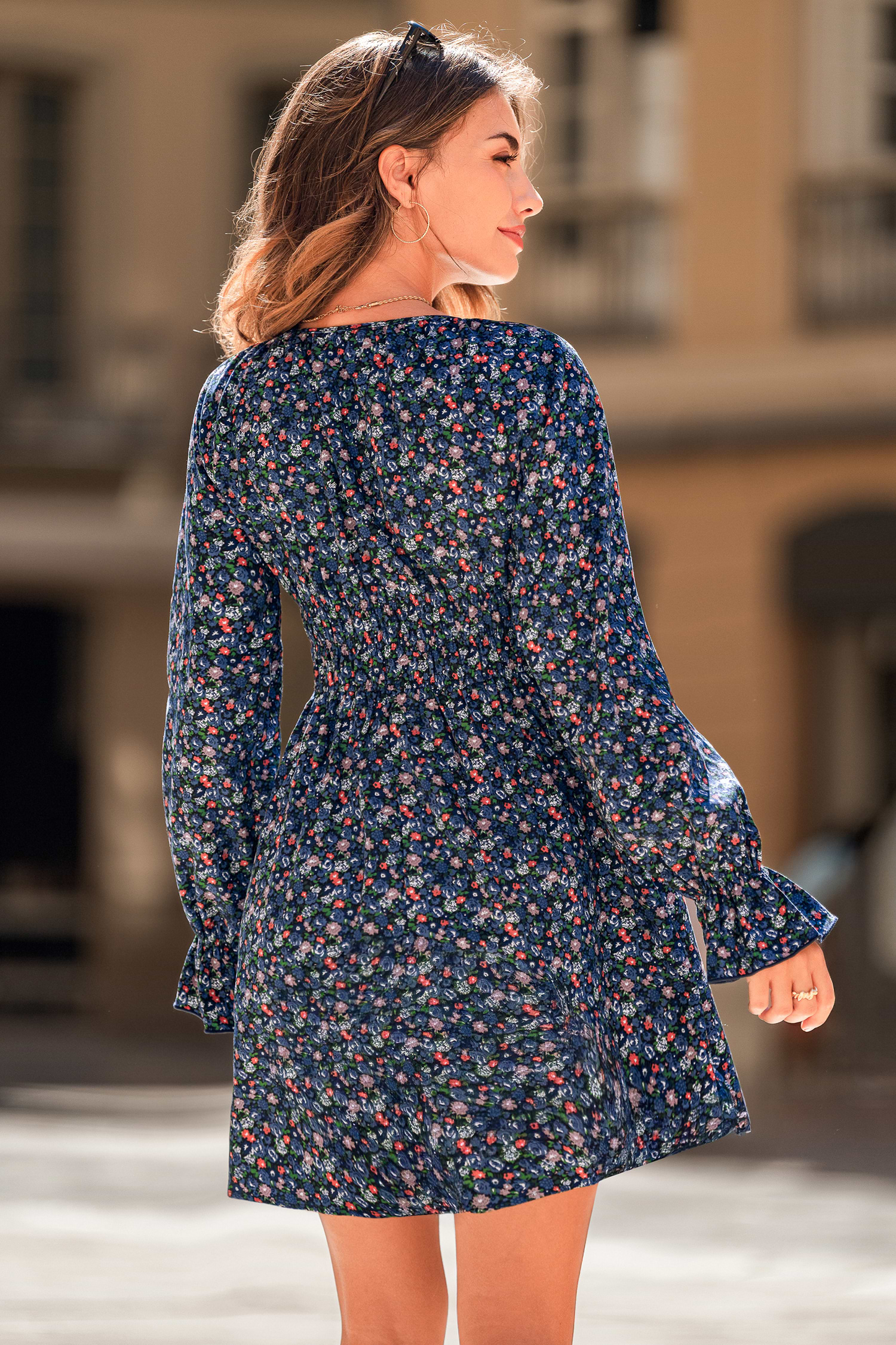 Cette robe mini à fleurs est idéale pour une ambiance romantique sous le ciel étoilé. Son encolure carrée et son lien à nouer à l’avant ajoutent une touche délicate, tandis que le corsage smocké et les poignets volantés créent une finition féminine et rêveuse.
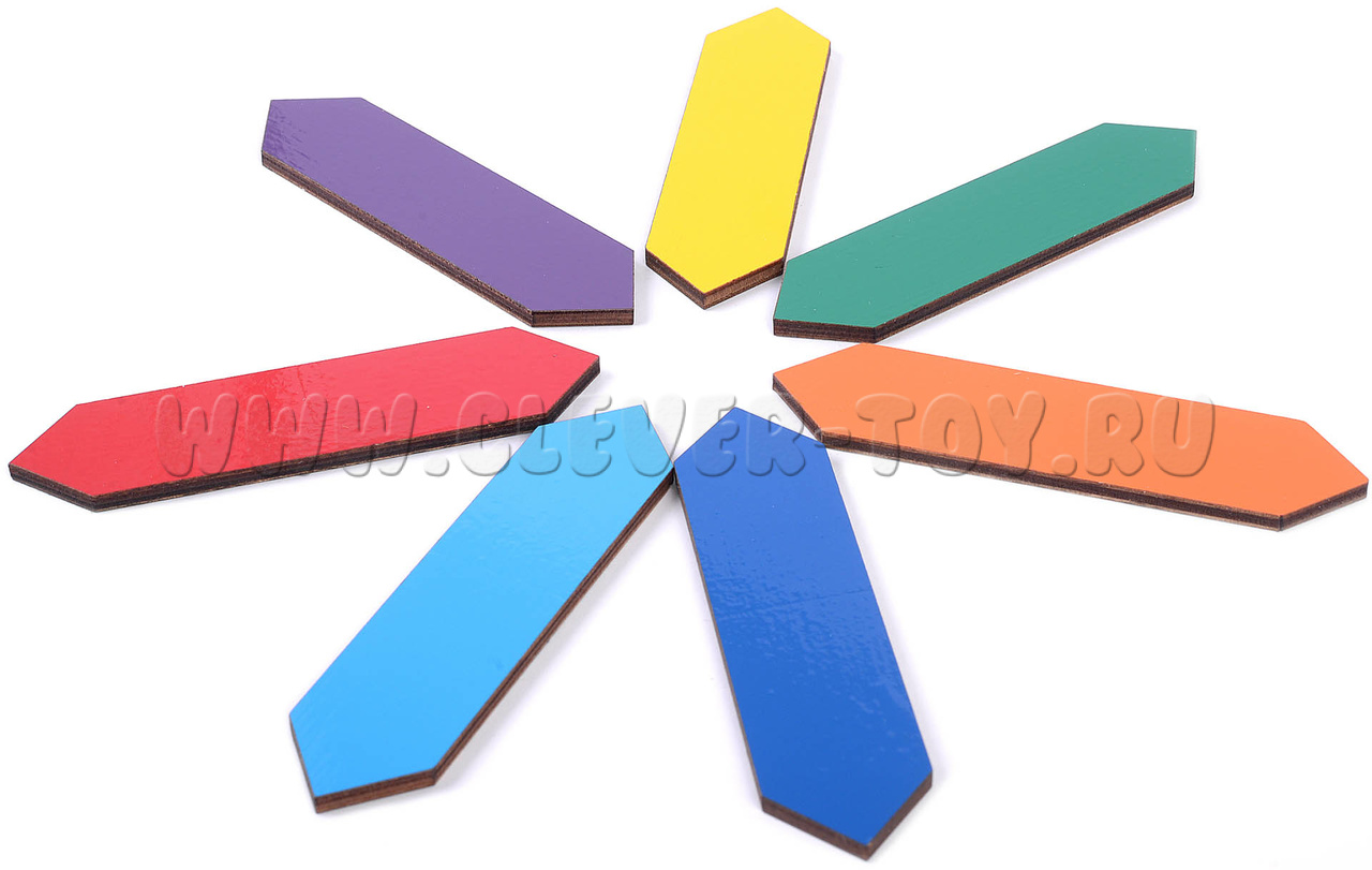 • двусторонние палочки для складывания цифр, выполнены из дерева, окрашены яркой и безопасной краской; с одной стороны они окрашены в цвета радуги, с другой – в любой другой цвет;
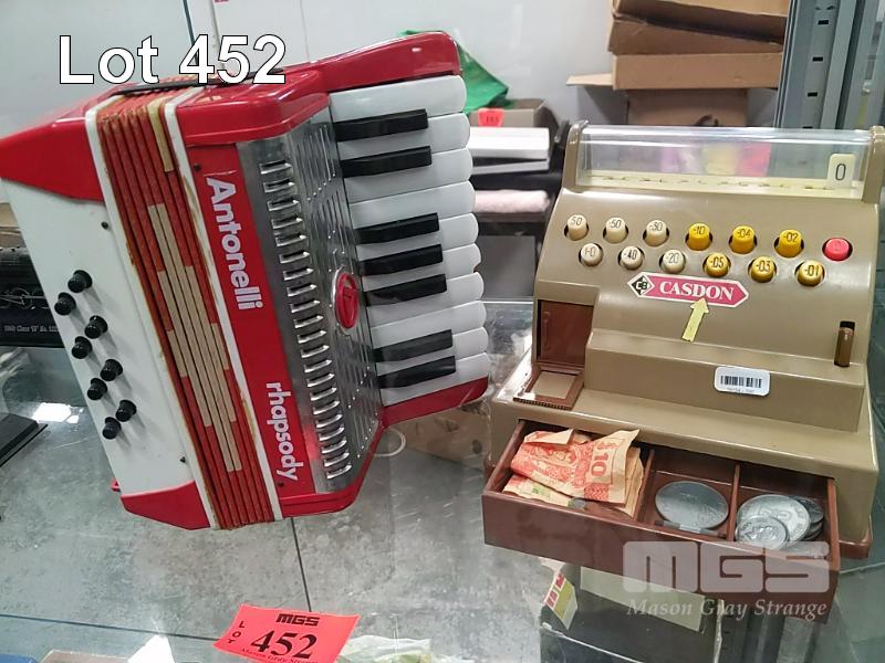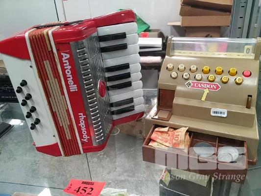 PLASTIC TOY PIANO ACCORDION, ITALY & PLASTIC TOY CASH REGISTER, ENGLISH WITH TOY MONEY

::::

(Your assignment) In the reply, every line of the material above is to be reproduced verbatim, and the images are to be left out.

(Answer space)
 Cette robe mini à fleurs est idéale pour une ambiance romantique sous le ciel étoilé. Son encolure carrée et son lien à nouer à l’avant ajoutent une touche délicate, tandis que le corsage smocké et les poignets volantés créent une finition féminine et rêveuse.
 • двусторонние палочки для складывания цифр, выполнены из дерева, окрашены яркой и безопасной краской; с одной стороны они окрашены в цвета радуги, с другой – в любой другой цвет;
 PLASTIC TOY PIANO ACCORDION, ITALY & PLASTIC TOY CASH REGISTER, ENGLISH WITH TOY MONEY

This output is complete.